» Work request: Up to and including the line that holds "This document outlines", print the data exactly from its first line; do not print the pictures.

» Raw data:
◆ ◆ ◆ ◆ ◆ ◆ ◆
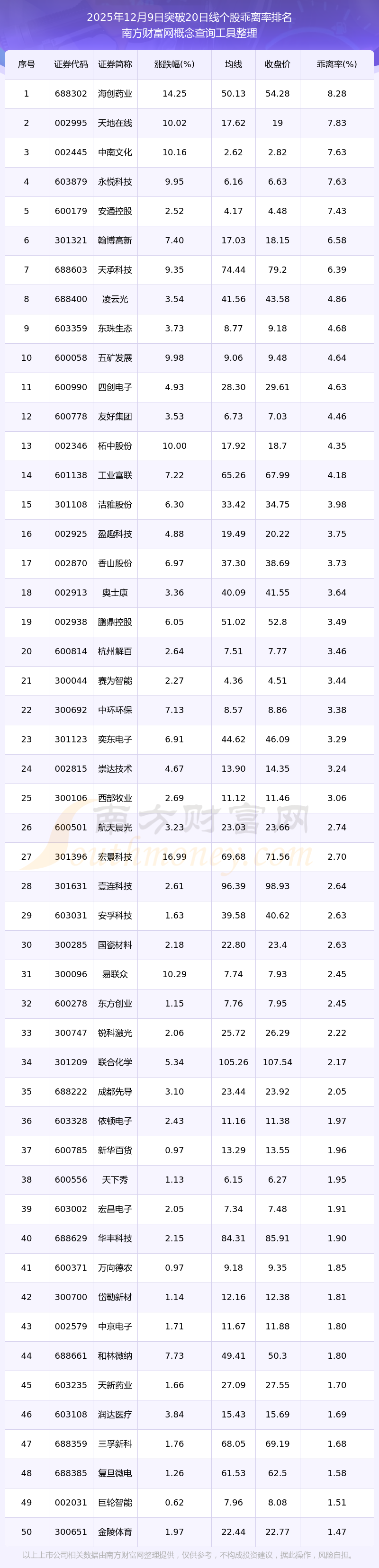 2025年12月9日突破20日線(xiàn)個(gè)股乖離率排名
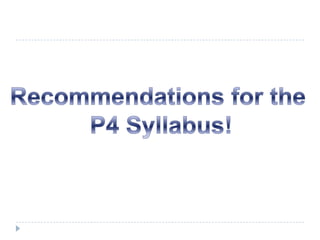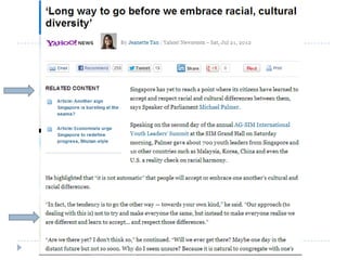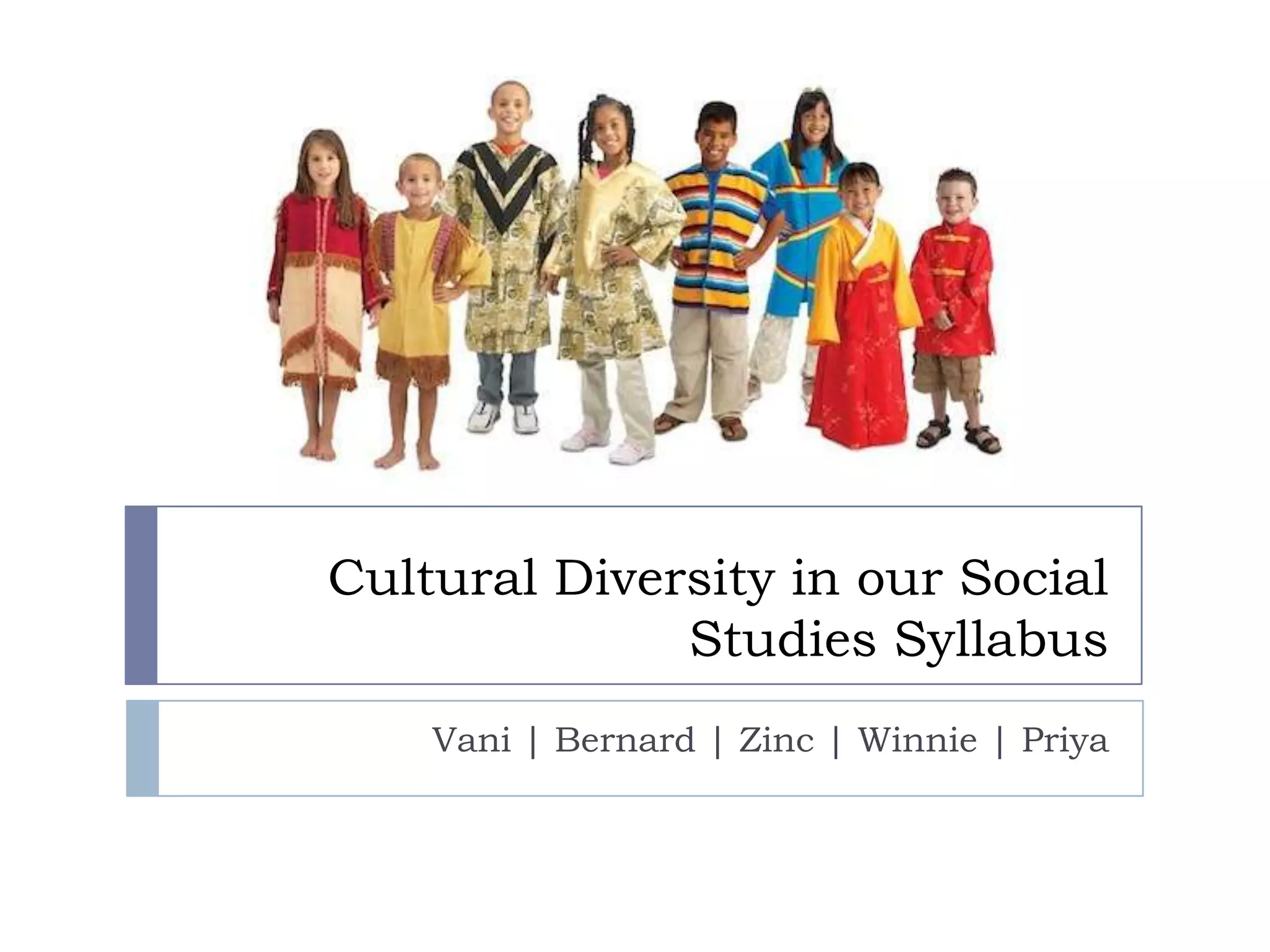 This document outlines a proposed social studies syllabus focusing on cultural diversity in Singapore. It includes quizzes, definitions of cultural diversity, perspectives from student teachers on the topic, and rationales for why cultural diversity should be taught. It then critiques chapters in sample P2 and P4 syllabi in terms of how well they teach about cultural diversity. Recommendations are provided such as incorporating more interactions between different communities and discussing diversity students can observe locally. The goal is for students to appreciate Singapore's diverse cultures while strengthening a shared national identity.
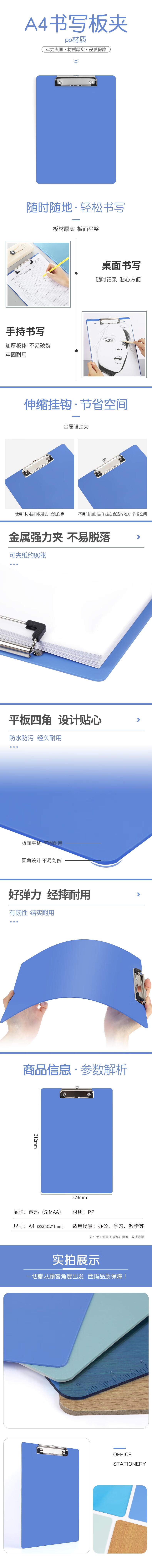 西瑪(SIMAA)A4書寫板夾PP 金屬強(qiáng)力夾文件夾 多功能寫字墊板 簡約硬質(zhì)會議夾8624(10個(gè)起售) 自營
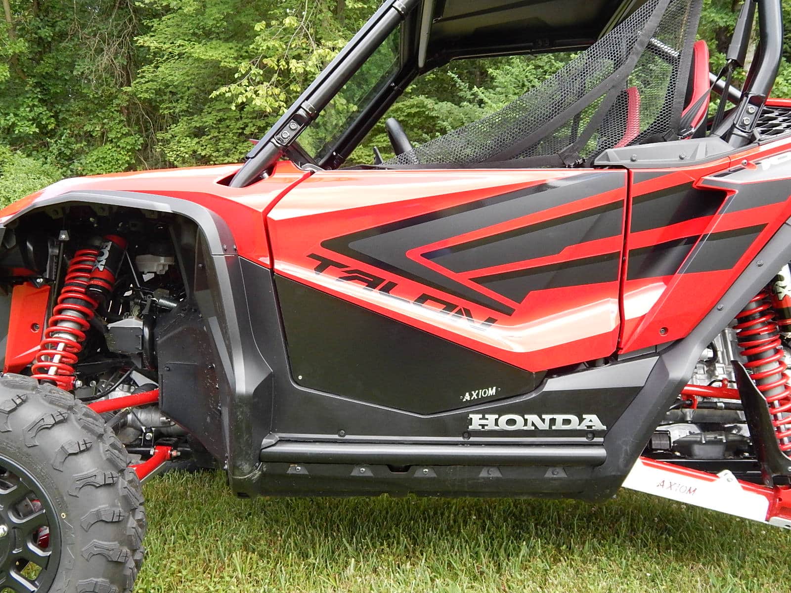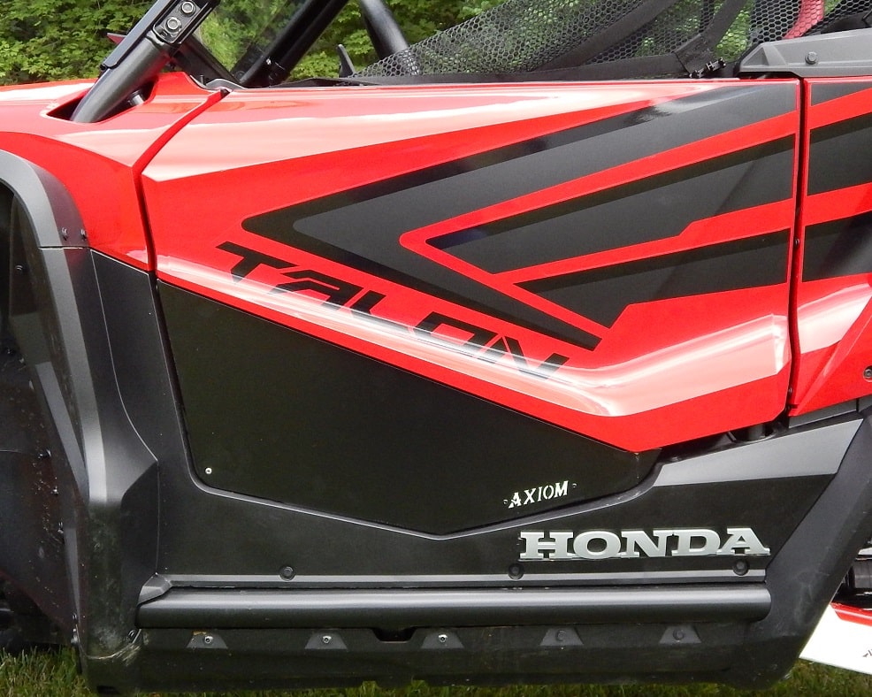 Enhance the style of your Talon and provide riders with greater comfort and safety by installing a set of Aluminum Door Lowers. They are made of .090 aluminum with a durable powder coat satin black finish. They are designed to be stronger and easier to install than our competitors. All hardware is included for a trouble free install.
◆ ◆ ◆ ◆ ◆ ◆ ◆
» Written answer:
 2025年12月9日突破20日線(xiàn)個(gè)股乖離率排名
 This document outlines a proposed social studies syllabus focusing on cultural diversity in Singapore. It includes quizzes, definitions of cultural diversity, perspectives from student teachers on the topic, and rationales for why cultural diversity should be taught. It then critiques chapters in sample P2 and P4 syllabi in terms of how well they teach about cultural diversity. Recommendations are provided such as incorporating more interactions between different communities and discussing diversity students can observe locally. The goal is for students to appreciate Singapore's diverse cultures while strengthening a shared national identity.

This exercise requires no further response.